Below are the records; copy exactly the stretch from the line containing "Congratulations to Melissa" through the line containing "١٠٠٧- وسمعتُ (١)", both ends included, and nothing else.

Data to examine:
------------------------------------------------------------

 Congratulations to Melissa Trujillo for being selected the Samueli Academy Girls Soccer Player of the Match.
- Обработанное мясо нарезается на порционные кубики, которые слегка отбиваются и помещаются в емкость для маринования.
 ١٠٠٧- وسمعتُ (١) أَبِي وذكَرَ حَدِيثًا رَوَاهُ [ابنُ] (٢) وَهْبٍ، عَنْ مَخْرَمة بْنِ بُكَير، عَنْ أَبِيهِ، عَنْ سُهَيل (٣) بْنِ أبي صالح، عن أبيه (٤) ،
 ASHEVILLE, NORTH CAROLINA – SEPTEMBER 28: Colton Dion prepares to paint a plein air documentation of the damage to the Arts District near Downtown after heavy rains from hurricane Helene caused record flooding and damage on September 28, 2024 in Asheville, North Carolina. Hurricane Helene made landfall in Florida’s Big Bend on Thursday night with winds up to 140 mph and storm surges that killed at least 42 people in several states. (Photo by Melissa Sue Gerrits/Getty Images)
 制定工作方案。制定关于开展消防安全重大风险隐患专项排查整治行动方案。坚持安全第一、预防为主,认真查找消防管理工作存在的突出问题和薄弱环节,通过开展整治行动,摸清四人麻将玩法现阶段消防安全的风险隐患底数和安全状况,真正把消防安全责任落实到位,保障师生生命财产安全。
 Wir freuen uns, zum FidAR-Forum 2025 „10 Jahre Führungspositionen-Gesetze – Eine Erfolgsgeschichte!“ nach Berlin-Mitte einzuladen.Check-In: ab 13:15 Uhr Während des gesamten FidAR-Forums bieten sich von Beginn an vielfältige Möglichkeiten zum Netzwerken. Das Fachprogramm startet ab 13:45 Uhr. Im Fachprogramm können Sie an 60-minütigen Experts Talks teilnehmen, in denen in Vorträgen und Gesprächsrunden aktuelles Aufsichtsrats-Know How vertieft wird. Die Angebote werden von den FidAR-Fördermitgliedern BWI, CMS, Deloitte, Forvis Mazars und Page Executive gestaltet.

------------------------------------------------------------

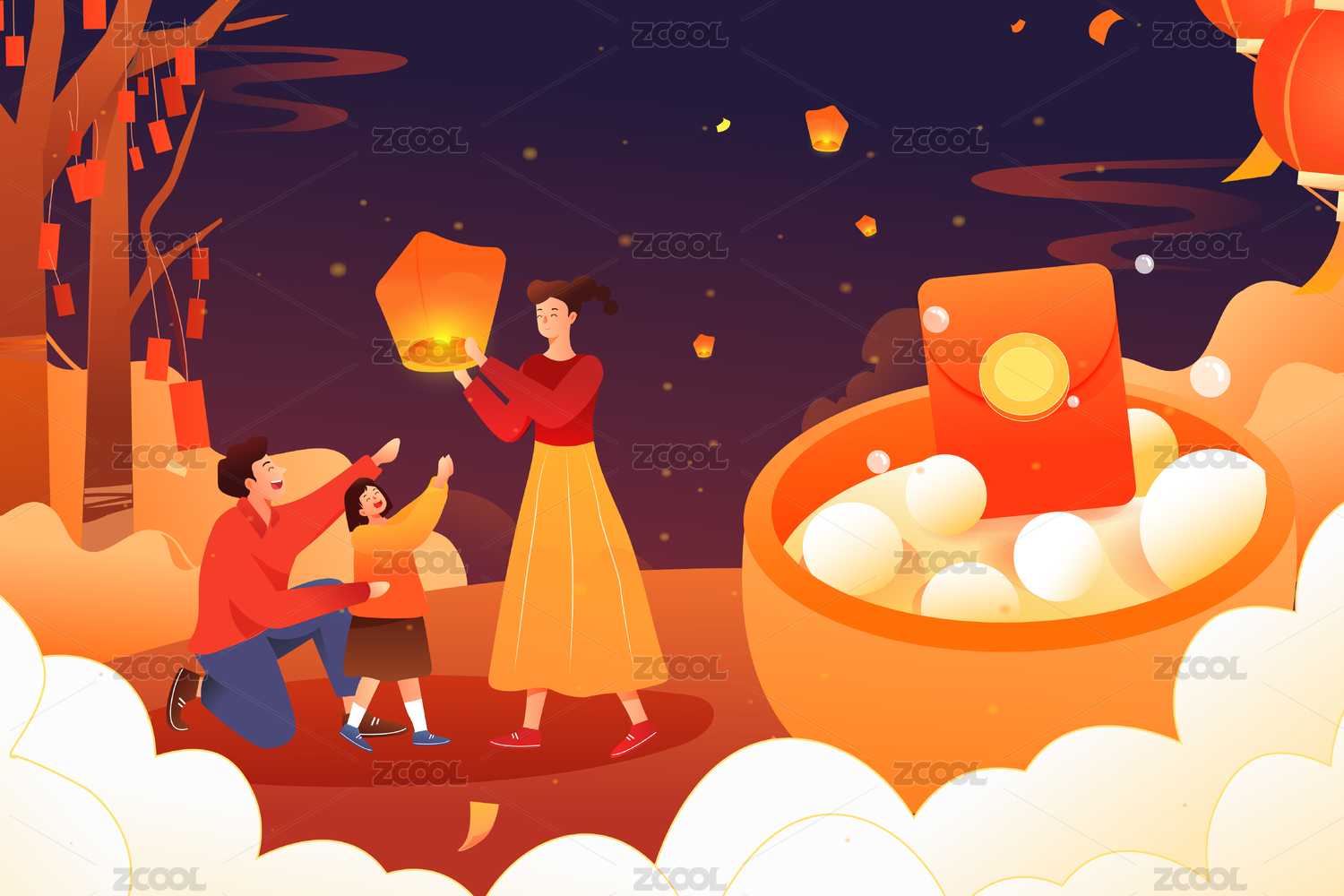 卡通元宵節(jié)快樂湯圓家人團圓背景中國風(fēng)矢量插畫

------------------------------------------------------------

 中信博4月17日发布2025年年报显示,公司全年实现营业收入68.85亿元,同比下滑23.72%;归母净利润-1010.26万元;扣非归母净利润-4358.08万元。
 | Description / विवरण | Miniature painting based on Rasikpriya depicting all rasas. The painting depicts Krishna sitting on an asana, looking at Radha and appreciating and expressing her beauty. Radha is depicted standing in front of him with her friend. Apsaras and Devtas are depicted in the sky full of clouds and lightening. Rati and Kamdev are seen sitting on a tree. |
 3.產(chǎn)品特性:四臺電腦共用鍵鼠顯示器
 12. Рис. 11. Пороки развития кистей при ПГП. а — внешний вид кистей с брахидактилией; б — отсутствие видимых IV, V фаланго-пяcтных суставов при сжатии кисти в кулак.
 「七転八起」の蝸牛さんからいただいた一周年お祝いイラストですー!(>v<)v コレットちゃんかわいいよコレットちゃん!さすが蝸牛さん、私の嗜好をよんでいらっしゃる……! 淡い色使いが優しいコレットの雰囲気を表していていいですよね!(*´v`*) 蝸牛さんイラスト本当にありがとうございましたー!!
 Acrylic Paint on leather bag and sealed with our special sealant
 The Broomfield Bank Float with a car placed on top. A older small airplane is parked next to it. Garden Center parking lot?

------------------------------------------------------------

Output for this task:
 Congratulations to Melissa Trujillo for being selected the Samueli Academy Girls Soccer Player of the Match.
- Обработанное мясо нарезается на порционные кубики, которые слегка отбиваются и помещаются в емкость для маринования.
 ١٠٠٧- وسمعتُ (١) أَبِي وذكَرَ حَدِيثًا رَوَاهُ [ابنُ] (٢) وَهْبٍ، عَنْ مَخْرَمة بْنِ بُكَير، عَنْ أَبِيهِ، عَنْ سُهَيل (٣) بْنِ أبي صالح، عن أبيه (٤) ،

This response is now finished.